* **WHAT IS NEEDED**:
Begin with the line below holding "Foto 5 y 6, Áreas de regeneración natural." and go on through the line holding "Tom Lantos Əli Kərimliyə məktub göndərib", duplicating each line exactly and leaving out pictures.

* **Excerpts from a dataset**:
<<<<

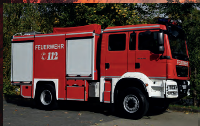
Tanklöschfahrzeug TLF 4000 St ähnlich DIN 14530-21
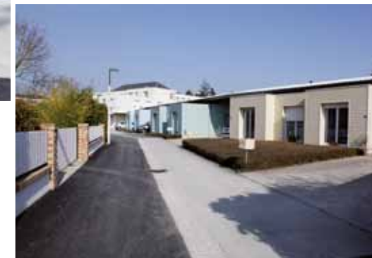
Ci-contre : Réseau enfouis et enrobé neuf au chemin du Fromentin.
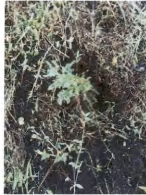
Foto 5 y 6, Áreas de regeneración natural.

En el mes se realizó el mantenimiento de 69.3 hectáreas, para completar las 68 hectáreas establecidas de estructuras de conservación de suelos, (acequias), el cual consistió en sacar la tierra de zanja, para darle las dimensiones establecidas y el chapeo de la barrera viva, para esperar la próxima temporada de lluvias. Aunque en el mes se dieron algunas lluvias, estas no afectaron el estado de las mismas. Esta actividad se realizó con el personal de jornaleros contratados, con una tarea diaria de 100 lineales por persona, completando así el resultado al 100%.
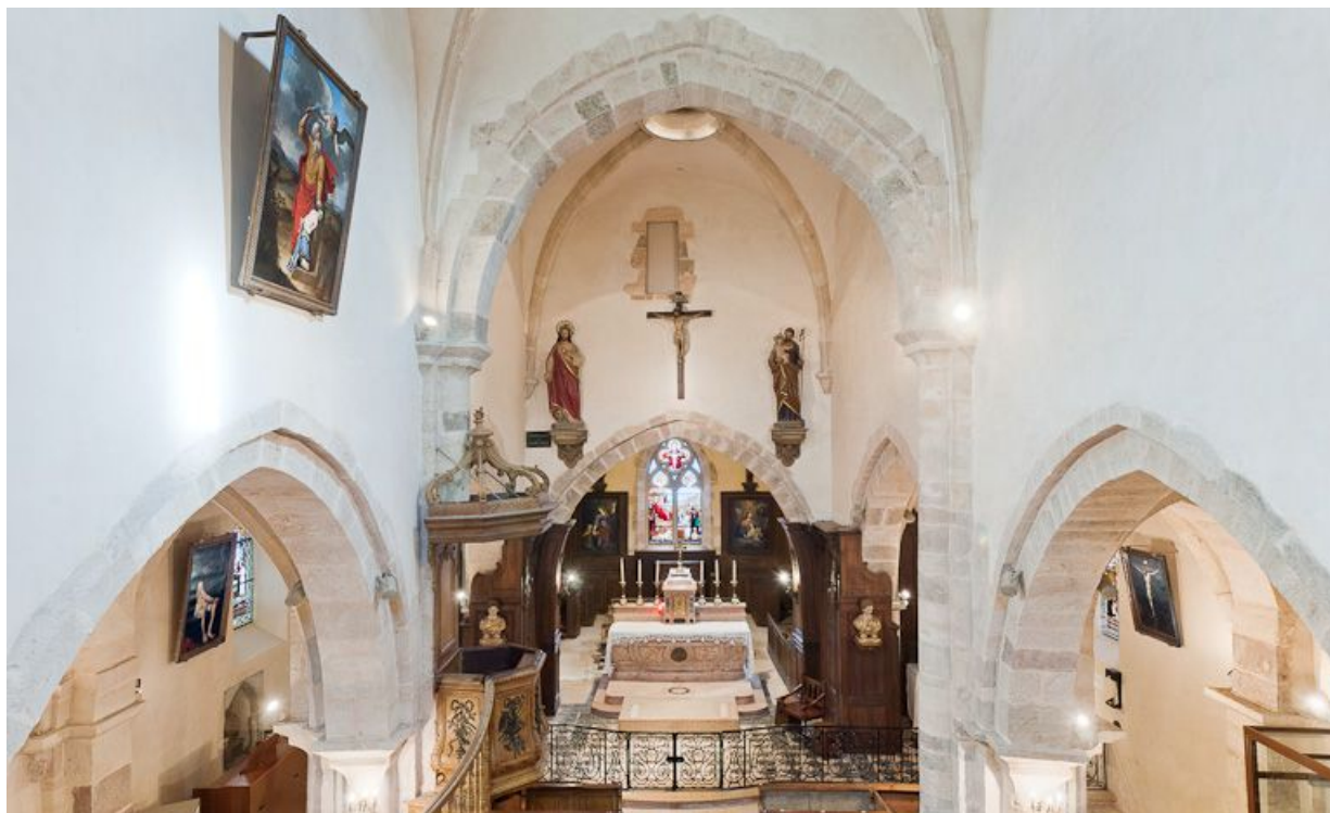
Choeur et bas-côté depuis la tribune.
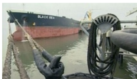
Erdöltanker im Hafen von Wilhelmshaven
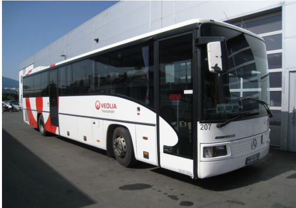
FREE PUBLIC TRANSPORT
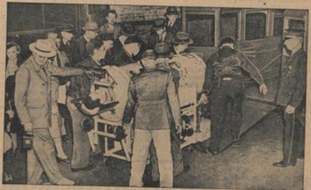
Jetzt soll Lourdes helfen

Japan wurde am 6. Mai von einer riesigen Erdbebenkatastrophe heimgesucht. Es bildeten sich im Ozeanboden Spalten, in denen ganze Häuser verschwanden. Viele Erdbeben wurden vollkommen zerstört. Unser Bild zeigt die Trümmer von drei Reisfahnenmasten in Fukuoka-machi.
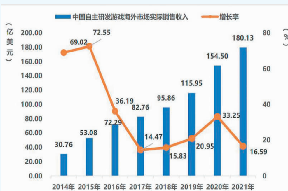
图表来源：伽马数据
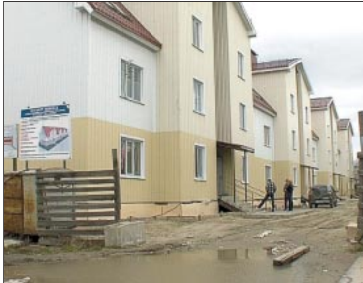
Дольщики жилищного кооператива «Мегион» вынуждены жить в недостроенных домах

Разобраться в ситуации с ЖНК «МЖК «Мегион» накануне пытались и власти города. По этому случаю собрали даже расширенное совещание. За столом руководители администрации, правоохрани-
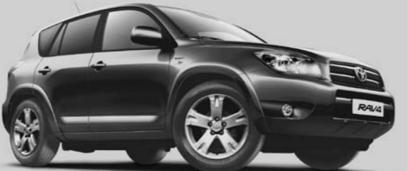
RAV4 2.2 Linea Sol «Premium» mit D-CAT, 177PS, 5-türig, ab Fr. 51'000.– Der RAV4, bereits ab Fr. 34'900.–.

www.toyota.ch Der neue Toyota RAV4: Mit ihm kommen Sie besser an.
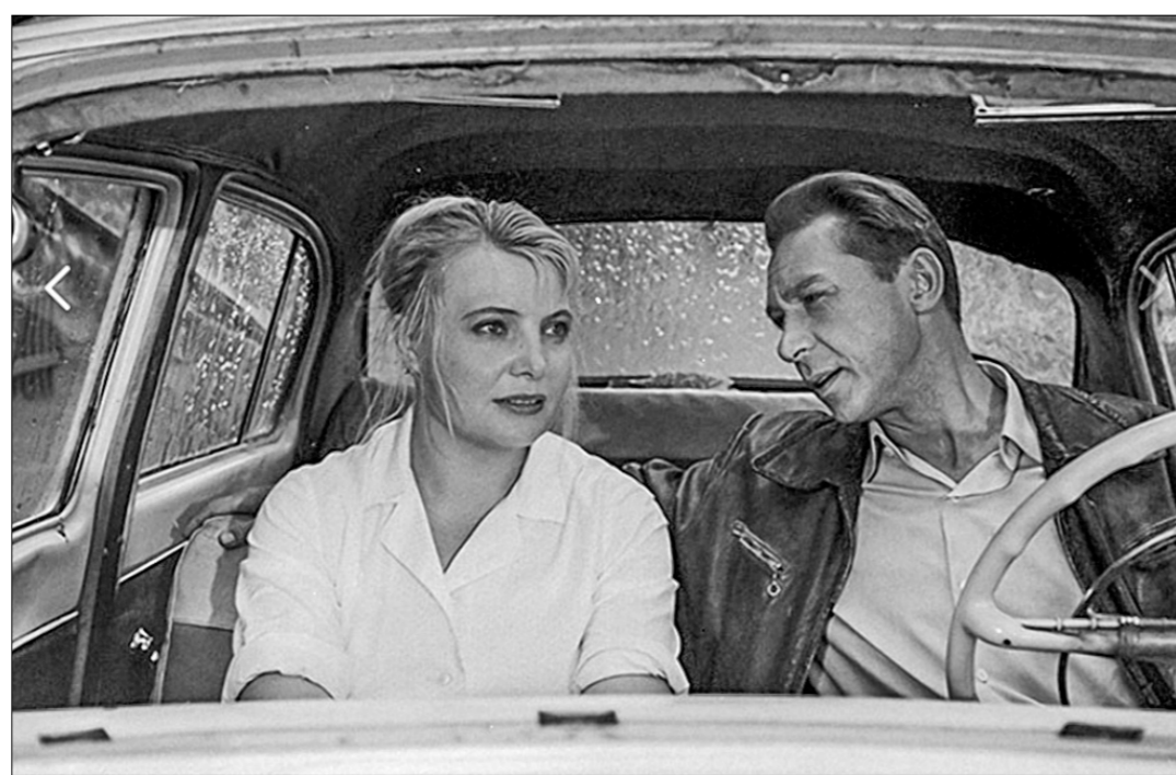
Татьяна Дорониная и Олег Ефремов в фильме «Три тополя на Плющихе».

чество студентки Лиозновой Григорий Козинцев, и она получила «отлично».
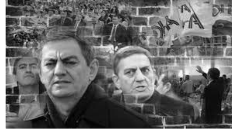
Tom Lantos Əli Kərimliyə məktub göndərib

Yayılan məlumatlar təsdiq edir ki, Ə.Kərimli və C.Həsəni seçki məsələsini ermənipərəst dairələrlə müzakirə edib və sonda yekdil nəticəyə gəliblər. Nəzərə almaq lazımdır ki, Qərbin və Avropanın məkrli dairələri Əli Kərimlini və Cəmil Həsəni özlərinin Bakıdakı təmsilçisi hesab edirlər. Dağıdıcı ünsürlərə tapşırıqları və göstərişləri yalnız bu məxluqlar üzərindən həyata keçirirlər. Səbəbsiz yerə deyil ki, ABŞ Konqresmeni Kristofer Smit, ABŞ İnsan Hüquqları Komissiyasının sədri Tom Lantos, Nümayəndələr Palatasının üzvü, Komissiyanın həmsədri Chris Smith və digərləri Əli Kərimli ilə məktubləşir, onunla təxribatları hansı formada həyata keçirmək yollarını müzakirə edirlər. Bu baxımdan birmənalı şəkildə demək olar ki, Əli Kərimli dağıdıcı müxalifətin başbileni olmasa da, xarici maraqlı dairələrin Bakıda əsas dayağıdır. Hər iki tərəfi eyni maraqlar birləşdirir. Birincilər qərar almağa çalışırlarsa, ikincilər də Azərbaycanın dünya miqyasında artan nüfuzuna xələl gətirilməsinə çalışırlar. Bu baxımdan demək olar ki, Ə.Kərimlini və C.Həsəni danışırdan xarici məkrli dairələrin maliyyə yardımlarıdır.
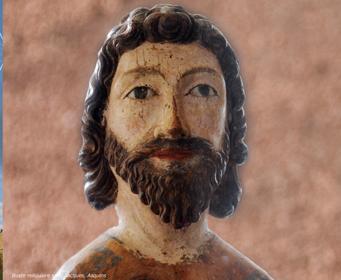
Buste reliquaire saint-Jacques, Asquins
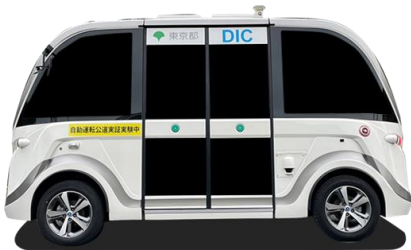
使用車両イメージ
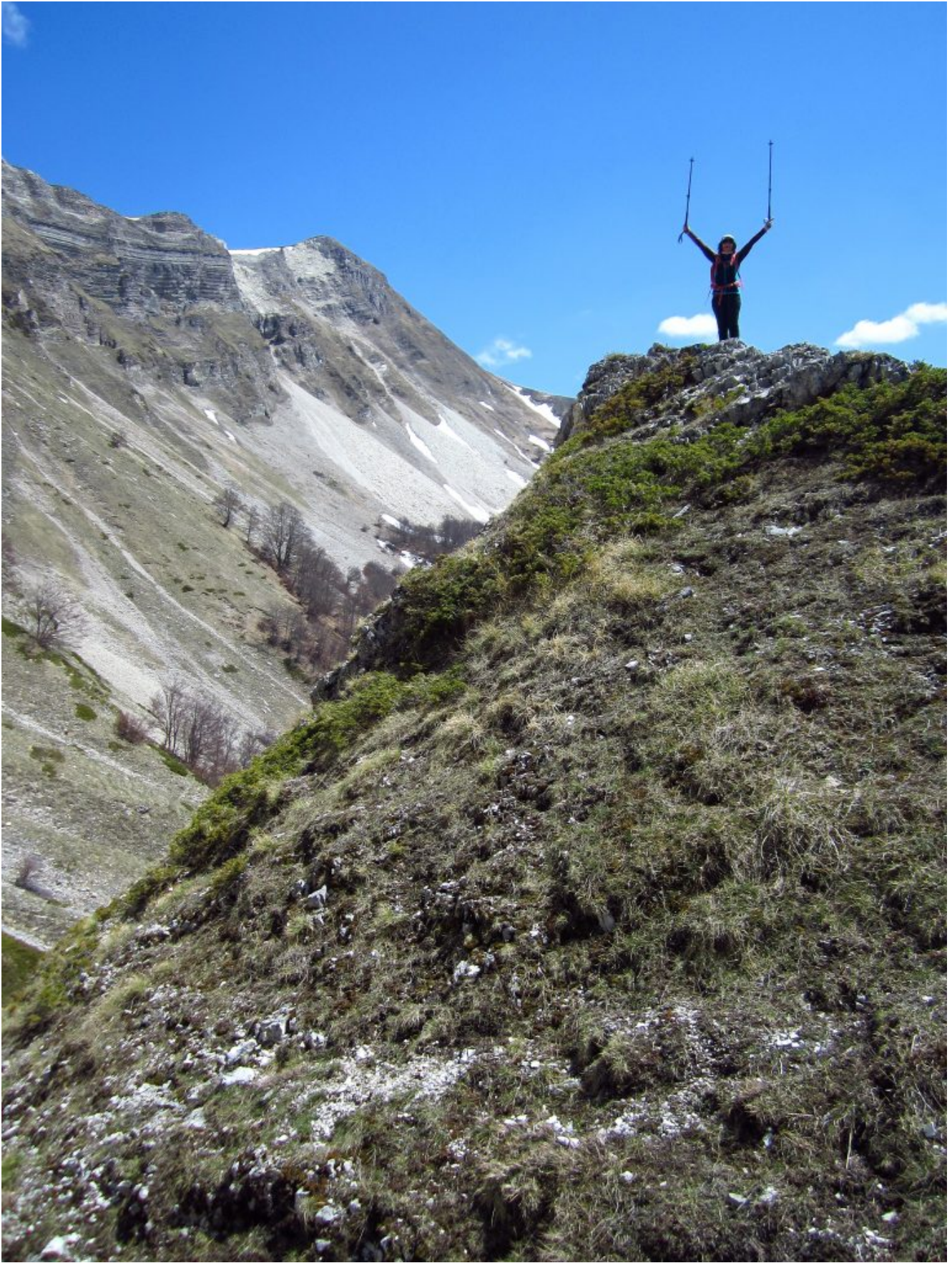
51 – 52- Lo spuntone della foto n.49

>>>>

* **RESPONSE**:
Foto 5 y 6, Áreas de regeneración natural.

En el mes se realizó el mantenimiento de 69.3 hectáreas, para completar las 68 hectáreas establecidas de estructuras de conservación de suelos, (acequias), el cual consistió en sacar la tierra de zanja, para darle las dimensiones establecidas y el chapeo de la barrera viva, para esperar la próxima temporada de lluvias. Aunque en el mes se dieron algunas lluvias, estas no afectaron el estado de las mismas. Esta actividad se realizó con el personal de jornaleros contratados, con una tarea diaria de 100 lineales por persona, completando así el resultado al 100%.
Choeur et bas-côté depuis la tribune.
Erdöltanker im Hafen von Wilhelmshaven
FREE PUBLIC TRANSPORT
Jetzt soll Lourdes helfen

Japan wurde am 6. Mai von einer riesigen Erdbebenkatastrophe heimgesucht. Es bildeten sich im Ozeanboden Spalten, in denen ganze Häuser verschwanden. Viele Erdbeben wurden vollkommen zerstört. Unser Bild zeigt die Trümmer von drei Reisfahnenmasten in Fukuoka-machi.
图表来源：伽马数据
Дольщики жилищного кооператива «Мегион» вынуждены жить в недостроенных домах

Разобраться в ситуации с ЖНК «МЖК «Мегион» накануне пытались и власти города. По этому случаю собрали даже расширенное совещание. За столом руководители администрации, правоохрани-
RAV4 2.2 Linea Sol «Premium» mit D-CAT, 177PS, 5-türig, ab Fr. 51'000.– Der RAV4, bereits ab Fr. 34'900.–.

www.toyota.ch Der neue Toyota RAV4: Mit ihm kommen Sie besser an.
Татьяна Дорониная и Олег Ефремов в фильме «Три тополя на Плющихе».

чество студентки Лиозновой Григорий Козинцев, и она получила «отлично».
Tom Lantos Əli Kərimliyə məktub göndərib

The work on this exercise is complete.